Rumours that France will soon ban tax payments by cheque altogether have spread quickly in recent weeks and have been widely reported in both the French and English press.
However, a closer reading of the 2026 budget and a clarification from the tax authority suggest a more nuanced reality: the cheque is being phased down, not abruptly outlawed — and for many individuals, it will remain an option beyond 2027.
At the heart of the confusion is a provision in France’s 2026 budget affecting payments to the tax office, the Direction générale des finances publiques (DGFiP).
A reading of the clause shows it clearly targets professionals and businesses; the government has signalled that businesses are expected to use electronic transfers and online systems.

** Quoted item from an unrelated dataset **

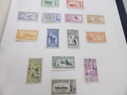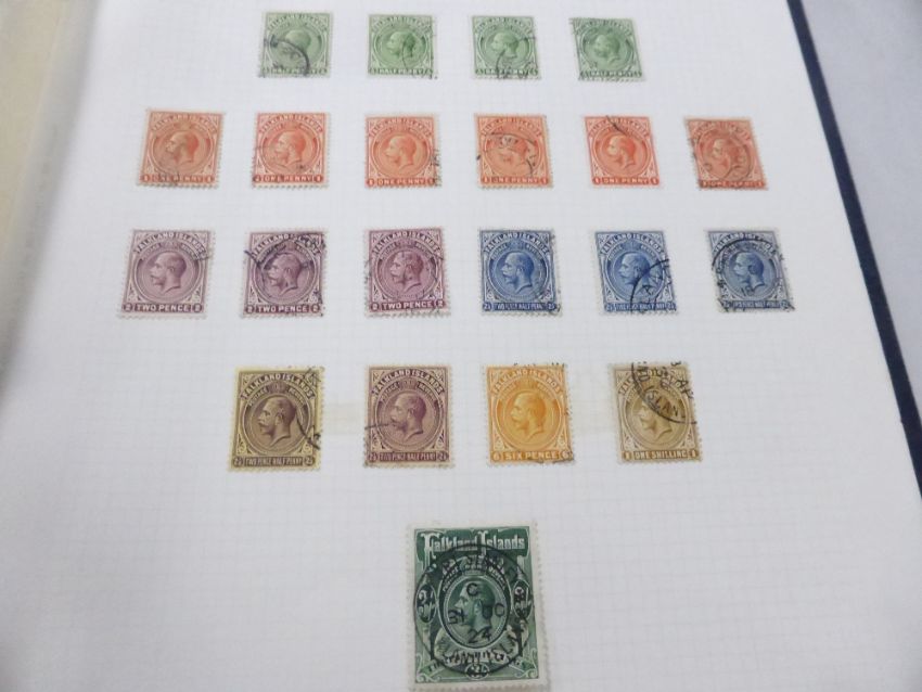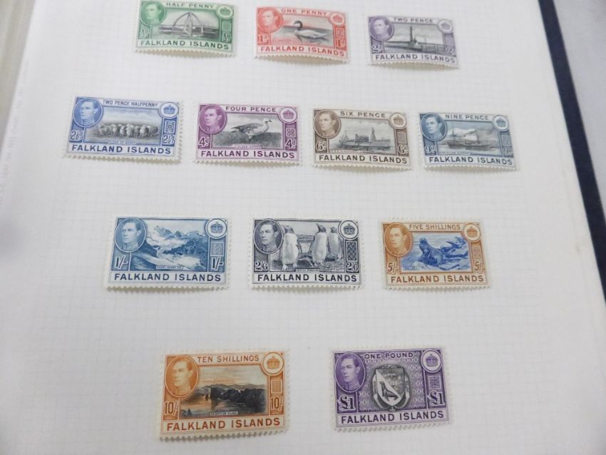 FALKLAND ISLANDS 1879-1982 MINT AND USED COLLECTION IN ALBUM A very attractive Falkland Islands collection in Plymouth (2 peg) album. Material ranging from 1878 issue with shades and values to 1 shilling There after definitives from 1883, all laid out by shades etc, war tax issues (mint and used), 191 definitives to 3 shillings, 1929 definitives to 2 shillings and sixpence, 1933 centenary set mint to 1 shilling, GVI 1938 set to £1, along with later variations, mint and used to 2/6-. The 1952 GVI issue used to £1 (full set). QEII sees 1960 issue mint to £1. Looks there after complete to 1982. Latterly mint, but some odd 60's are fine used as are bits of the 70's. Viewing recommended.

Some reports have suggested that from 2027, individuals will no longer be able to pay taxes by cheque. Yet when we posed the question to the DGFiP they were explicit: there will be no outright refusal of cheques in 2027 for private individuals.
What is changing is the infrastructure.
France has steadily dismantled its cheque-processing network. Centres in Lille and Créteil have already closed. The last remaining processing site, in Rennes, is scheduled to shut in summer 2027 when its outsourcing contract expires.
Rather than reinvest in declining cheque infrastructure, the tax administration has chosen to accelerate digital alternatives.
But withdrawing dedicated cheque-processing facilities is not the same as banning cheques outright.
Cheque use in France has collapsed over the past quarter-century. In 2000, cheques accounted for 37.5 percent of transactions. Today, they represent roughly 2 percent.
When it comes specifically to tax payments, income tax and property tax account for only about one million cheque payments projected for 2025 — a tiny fraction of total transactions.
Far more numerous are local public service bills — school canteens, water services and other municipal charges — where around 33 million cheque payments are still expected in 2025, down from 39 million in 2024. It is these local payments that are most directly affected by the disappearance of cheque identification slips.
The French tax system already offers multiple alternatives through the official portal impots.gouv.fr:
Online payment via personal account
Standard bank transfer
TIP SEPA interbank payment orders
Card or cash payments (up to €300 at authorised tobacconists or tax offices)
Two digital tools are being expanded:
PayFiP, which allows taxpayers to validate a pre-filled transfer directly through their online banking platform.
Wero, a European instant transfer system operating via mobile phone.
The administration argues these systems are simpler, faster and more secure. A redesigned unified portal, “Mon espace Finances publiques”, is also planned to centralise access to tax and local public service bills.